I'd love if this ends up being he gets a 1m/y pest control empire going and quits tech startups as he prefers the sweaty kind.
This is going to be the route for a lot of white collar people as they lose their jobs to AI.
Building a vertical backoffice for just 1 company used to be pointless and probably still is.
Not long ago I left a reasonably cool AI startup to join an ops heavy (like people physically doing work, running warehouses etc) company. There was some adjustment but the ability to deliver real, concrete, monetary value to people working in the field is incredibly rewarding (and oddly the pay is on par with most bay area startups).
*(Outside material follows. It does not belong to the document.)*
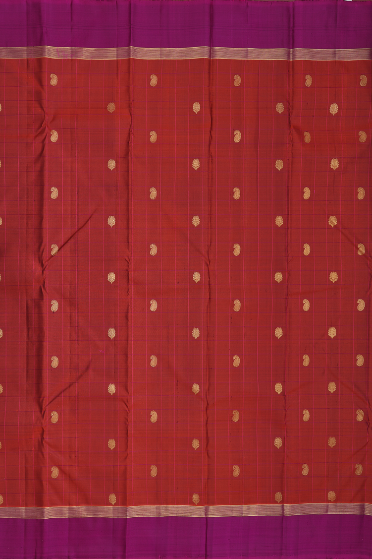 Kanchipuram Silk Saree In Rust Red Along Checks With Buttas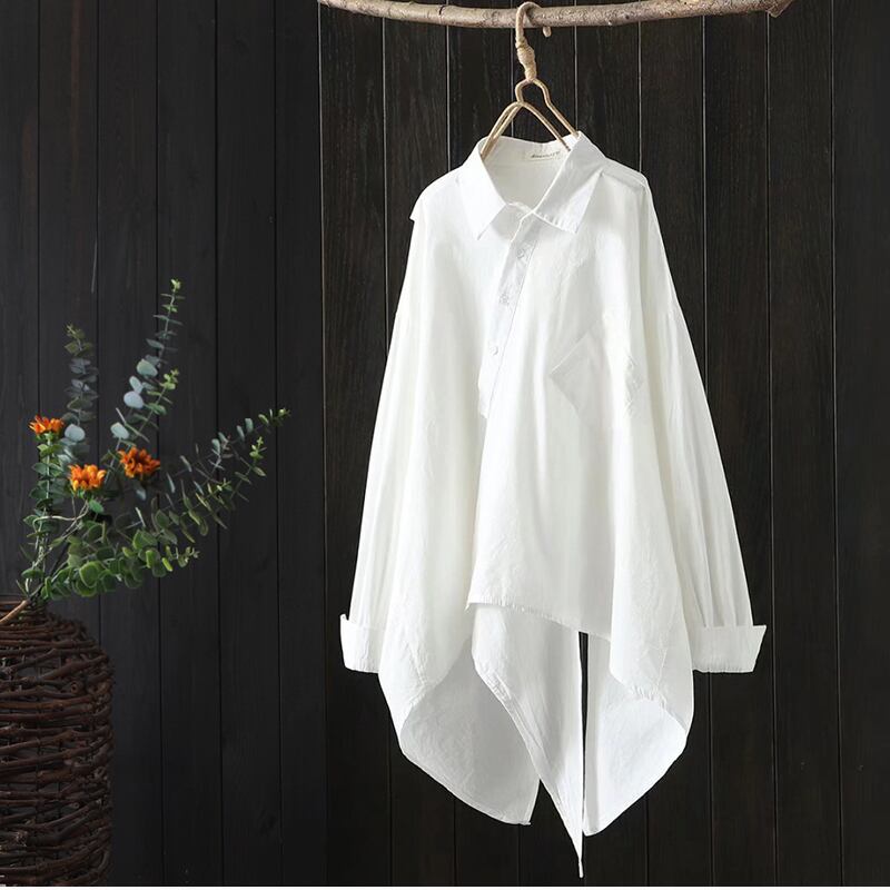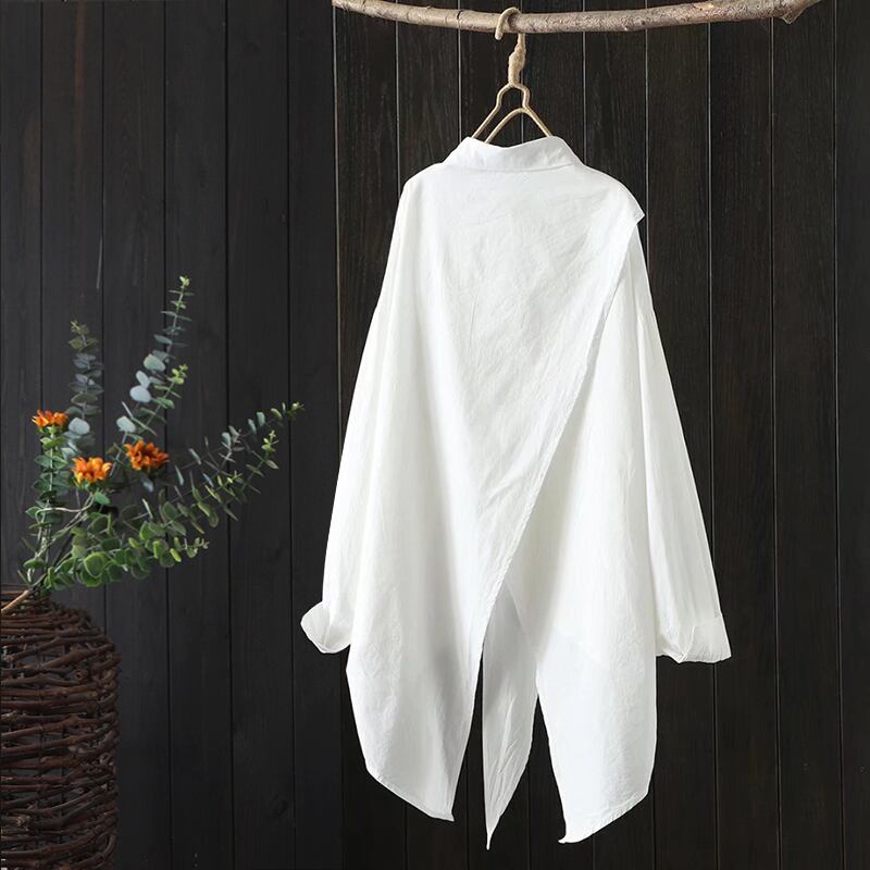 トップス シャツ ミディアム丈 長袖 角襟 前開き ボタン アシンメトリー バックスリット かわいい 大人可愛い きれいめ シンプル 上品 おしゃれ かっこいい レトロ きちんと こなれ感 個性的 主役級 存在感 抜け感 オールシーズン ナチュラル ベーシック クール メンズライク 無地 レディース 女性用 ママ OL 通勤 オフィス 学生 通学 デート お出かけ お泊まり イベント 女子会 休日 アウトドア カフェ ショッピング レストラン コンパ レイヤード 重ね着 普段使い 着回し ワンサイズ

I recently talked to a few companies in the AI space, from (smaller) frontier model labs to companies still looking to build "AI products" and my take away was that, if you're not working for one of the big players, the market hasn't really figured out if there is an "AI engineer" job yet.
I'm increasingly starting to believe that the future of work for people that have technical skills (more than just 'software') is likely going to be working in places that are less about "shipping software" and more about supporting teams doing something physical in the real world.
These companies are also the most ripe to truly leverage AI: they have tons of messy problems that need to be solved and iterated on extremely fast. Operations people tend to be "EoD" deadline people, not quarterly planners. Getting solutions solved in an actionable way on time often means really understanding the core business, the technical space surrounding it, and how to leverage AI to pull of some miracles. It can be stressful, but when you pull it off your stakeholder have sincere and real gratitude and you're actually moving the needle for the company.
I don't think the Bay area, even those sniffing the AI vapors the hardest, is really willing to accept what AI is going to do to software and software companies.